China Is Trying to Make Its Gloomy Consumers Spend More

The government also promised to make it easier for people to sell and register used cars. But easing the obstacles to transferring car ownership could prompt more people to see inexpensive used cars as alternatives to new ones, adding fuel to a price discounting war for new cars already underway in the Chinese car industry, said Tu Le, the managing director of Sino Auto Insights, a Beijing consulting firm.

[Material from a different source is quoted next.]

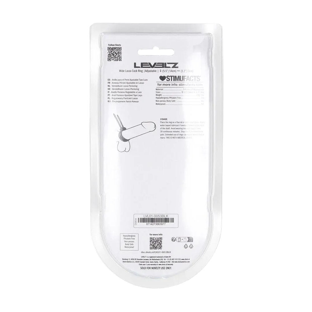 LEVELZ Wide Adjustable Silicone Lasso Cock Ring - Black

Some of the policies that were announced Monday are also not new. The planning agency, for example, called for adding elevators to older apartment buildings — a national program that former Premier Li Keqiang proposed in a speech in May 2020, which is already well underway.

Surveys of consumer confidence, among the best barometers of households’ willingness to spend, plummeted during a two-month lockdown in Shanghai, China’s most populous city, in the spring of 2022. Confidence barely began to recover in the early months of this year, even after the central government lifted lockdowns nationwide in early December.

China’s National Bureau of Statistics has responded to the weak data by halting the public release of any monthly readings of consumer confidence past March, discontinuing a series that it launched 33 years ago.

China’s approach to stimulating consumer spending differs considerably from the tactics embraced by the United States and other advanced economies during the pandemic: sending checks to consumers. That approach produced soaring trade deficits in the West, as households spent heavily on manufactured goods imported from China, like consumer electronics or exercise equipment.